[Biopython-dev] [Patch] Genbank Parser
Peter Cock
p.j.a.cock at googlemail.com
Thu Oct 4 09:11:01 UTC 2012
On Mon, Oct 1, 2012 at 10:44 PM, Björn Grüning <bjoern at gruenings.eu> wrote:
> Hi Peter,
>
>> >
>> > the tbl2asn tool from the ncbi creates genbank files that did not have a
>> > version number. Unfortunately that version number is used to fill
>> > consumer.data.id.
>> > I implemented the following fall-back:
>> > If there is no version information available than it takes the
>> > consumer.data.name for the consumer.data.id. Does that makes sense?
>> >
>> > Thanks!
>> > Bjoern
>>
>> Can you share some example output from tbl2asn that shows
>> this problem?
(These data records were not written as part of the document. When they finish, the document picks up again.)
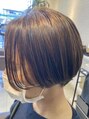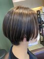 丸みショートボブ◎ナチュラルなハイライトで動きがでるようオイルでスタイリング◎前髪なしで大人っぽい雰囲気に◎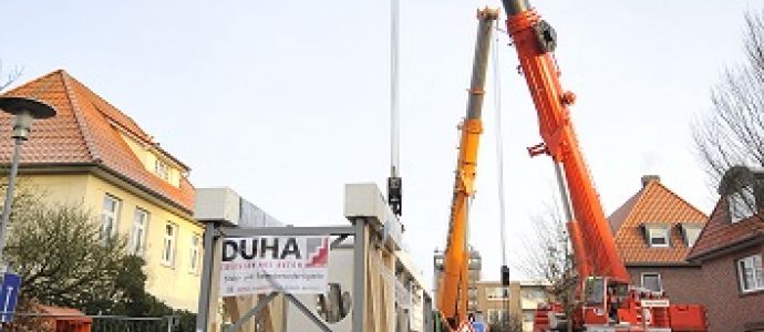 Unser 220- und ein 400-Tonnen-Autokran hoben den Glockenturm gemeinsam an, bevor dieser dann in der Luft gedreht wurde. Durch den geringen Platz auf der schmalen Straße war das Geschick der Kranfahrer gefragt. Autokrane sind jedoch kompakt und leistungsstark und für den kombinierten Straßen- und Geländebetrieb bestens geeignet. Die sogenannten All-Terrain-Krane können Einsatzorte schnell erreichen. Die Achsen sind unabhängig voneinander lenkbar und blockierbar. Der Ballast und die Kontergewichte kann sich der Kran selbst auf einem Anhänger mitnehmen oder diese werden mit 1 bis 2 zusätzlichen Lkw mit Aufliegern separat zur Baustelle gefahren und Vorort aufgelegt. Letztendlich haben es beide Krane zusammen geschafft. Nachdem der Glockenturm dann mitten auf der Straße stand war Fingerspitzengefühl gefragt, denn der Turm musste millimetergenau auf den vorbereiteten Sockel vor der Kirche platziert werden. Dort soll er künftig als Eingang des Kirchengelendes dienen.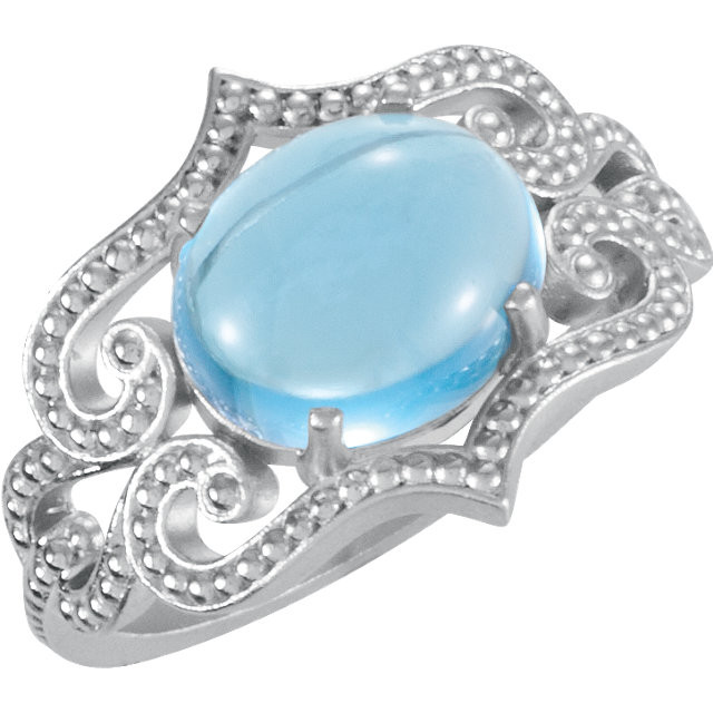 14 Karat White Gold Swiss Blue Topaz Granulated Design Ring
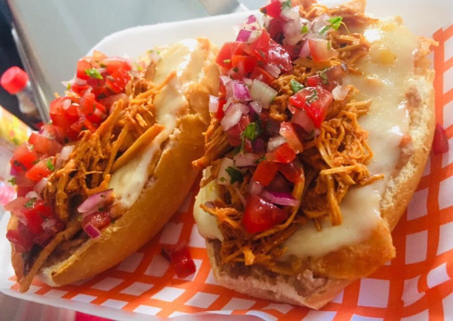 Torta : Delicioso pan crujiente con el ingrediente perfecto Cochinita Pibil de TakOink con una capa de frijoles, acompañada de queso, crema ,cebolla morada y un toque de salsa de habanero , receta de la casa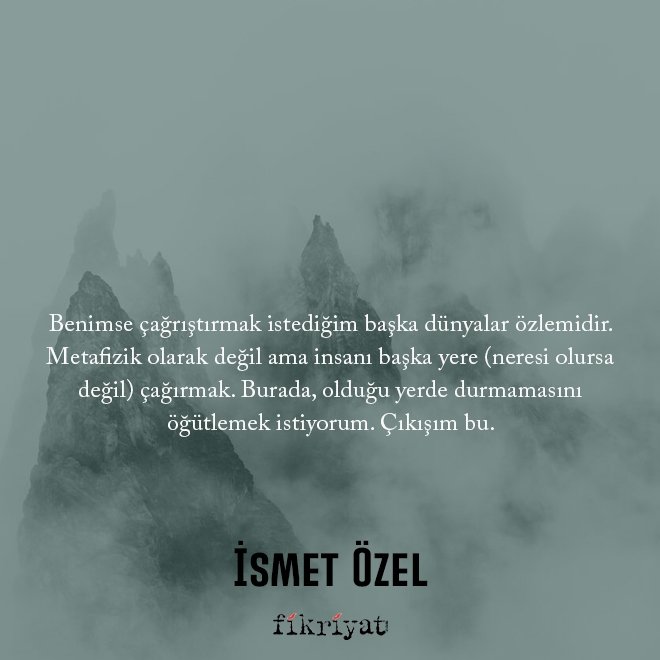 ◼ İsmet Özel'in uğruna ölmeyi, örselenmeyi ve kınanmayı göze aldığı yegane varlık Türkiye idi. Şair tüm düzensiz sistemler karşısında memleketinin sesi oldu.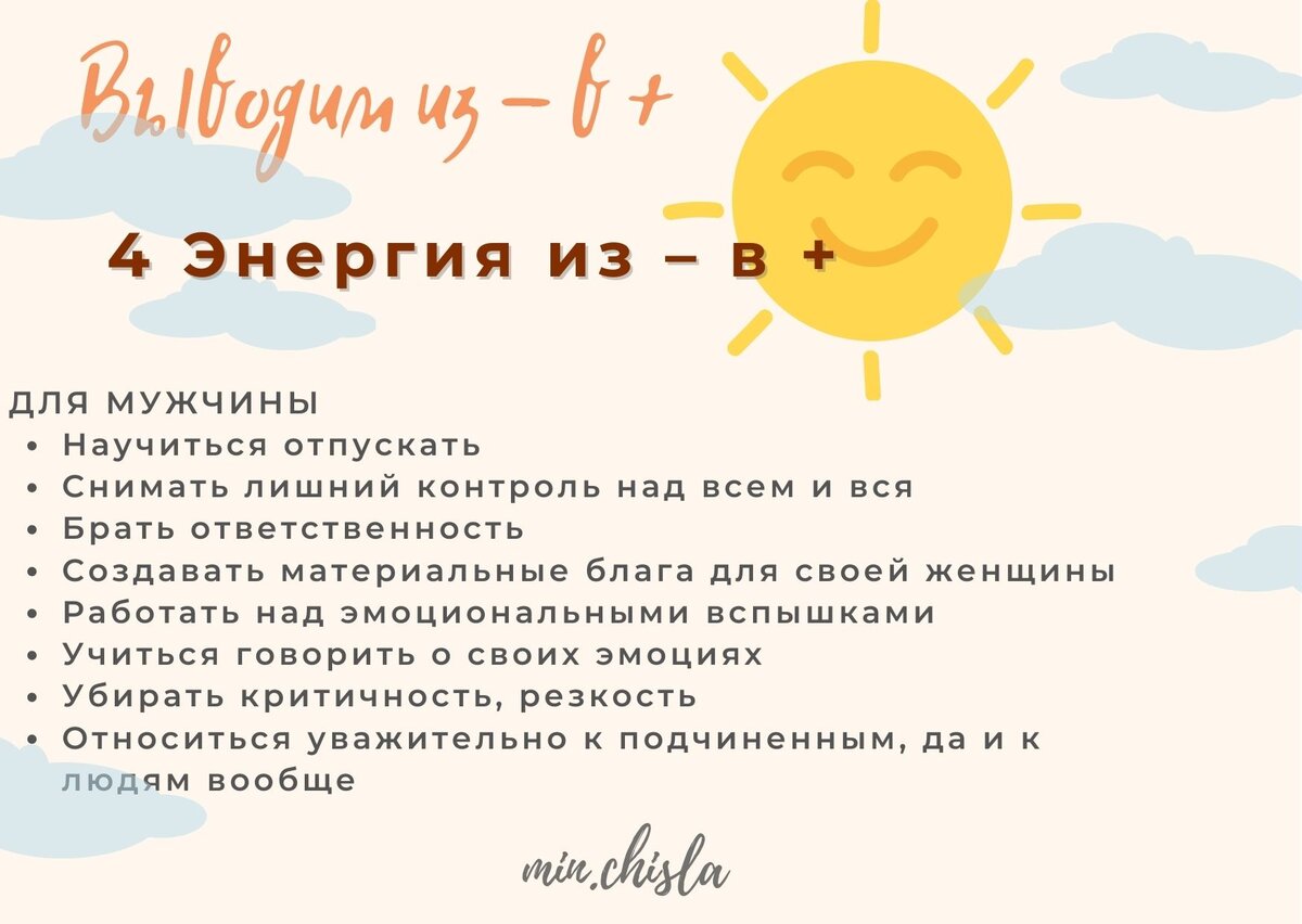 Тезисно расписала на картинке ниже. В разрезе мужчин и женщин, на что особенно нужно обратить пристальное внимание в работе над собой, чтобы вывести энергию числа рождения в плюс.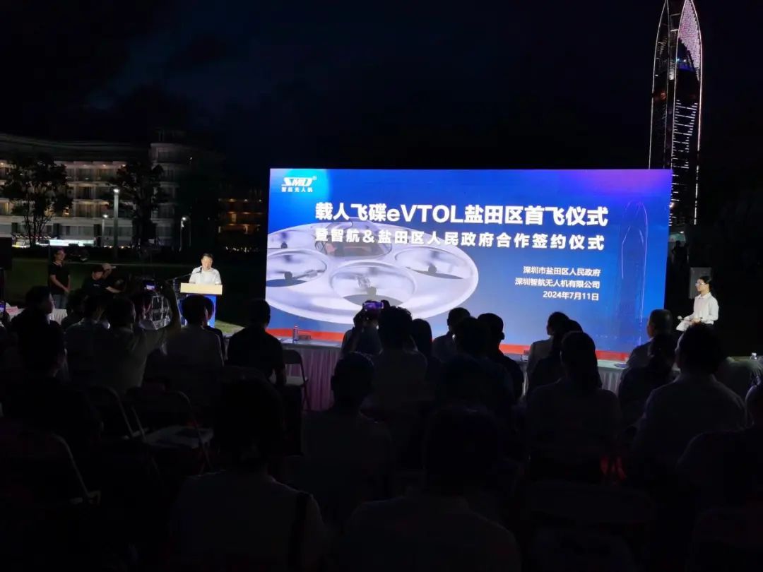 7月11日晚,智航飞碟eVTOL盐田区首飞活动在大梅沙海滨公园举行。盐田区委书记李忠,粤港澳大湾区新兴产业发展研究院院长龚晓峰,盐田区委常委、副区长高东春,盐田区委常委、区人武部部长王贵喜,盐田区副区长简政参加活动。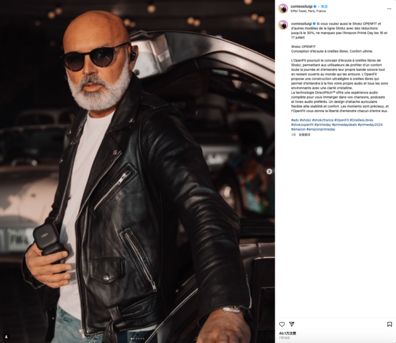 Shokz商務耳機宣傳大使 圖源:Instagram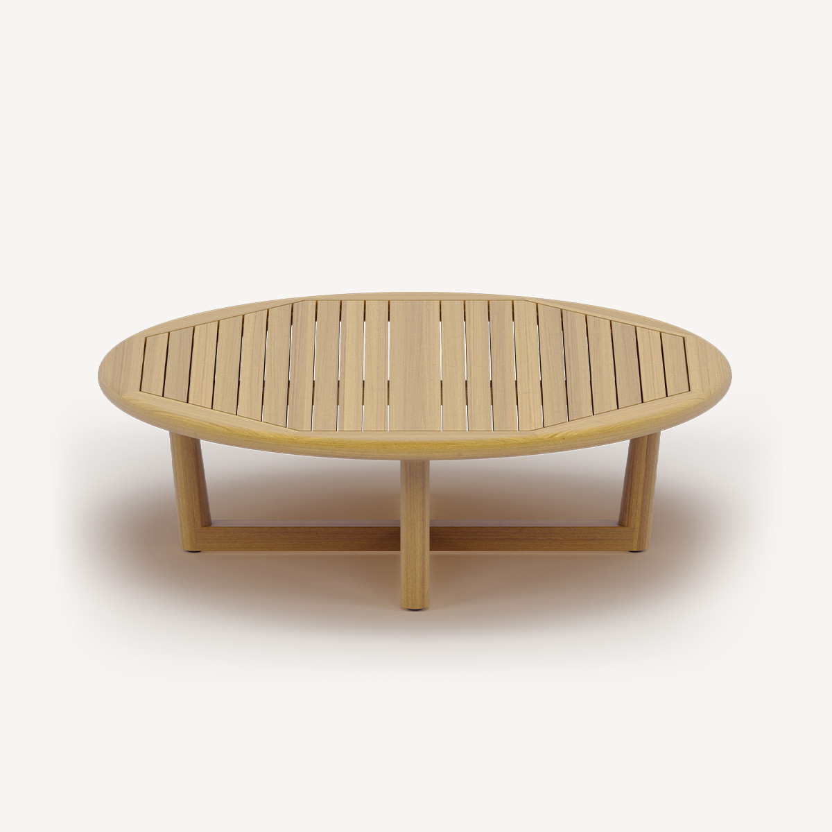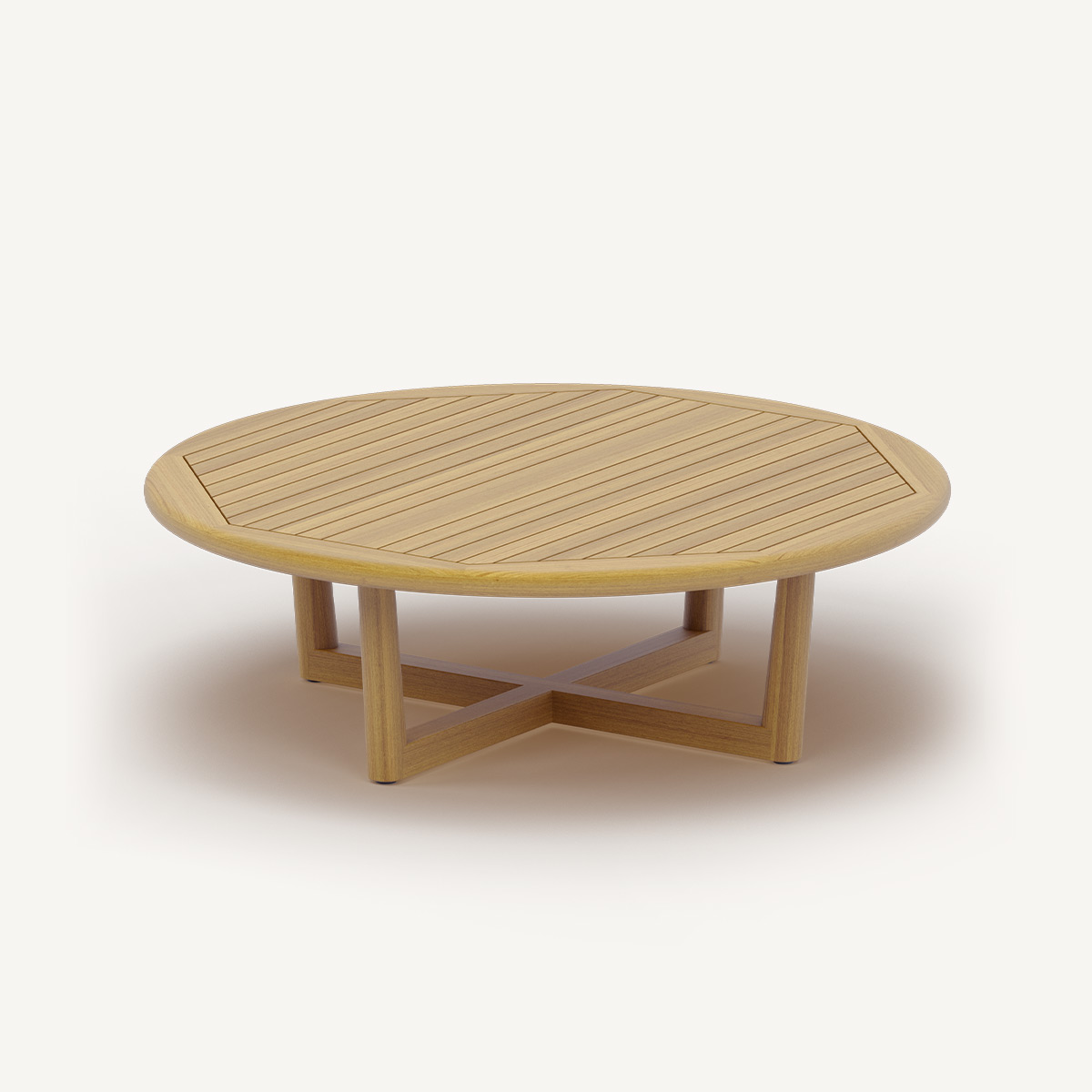 Круглый журнальный столик MADDENS выделяется геометрически выверенной столешницей, где широкие рейки с узкими промежутками вписаны в восьмиугольную рамку — это придаёт поверхности динамику и подчёркивает ремесленный подход. Реечная структура столешницы и визуально лёгкое основание на пересечённых ножках создают гармоничный баланс между массивностью и открытостью.

Ideally something small we could include as a
>> unit test.
>
> please find attached a small, stripped version of such an genbank file.
>
> Thanks,
> Bjoern
$ python
Python 2.7.2 (default, Jun 20 2012, 16:23:33)
[GCC 4.2.1 Compatible Apple Clang 4.0 (tags/Apple/clang-418.0.60)] on darwin
Type "help", "copyright", "credits" or "license" for more information.
>>> from Bio import SeqIO
>>> r = SeqIO.read("tbl1asn_output.gb", "gb")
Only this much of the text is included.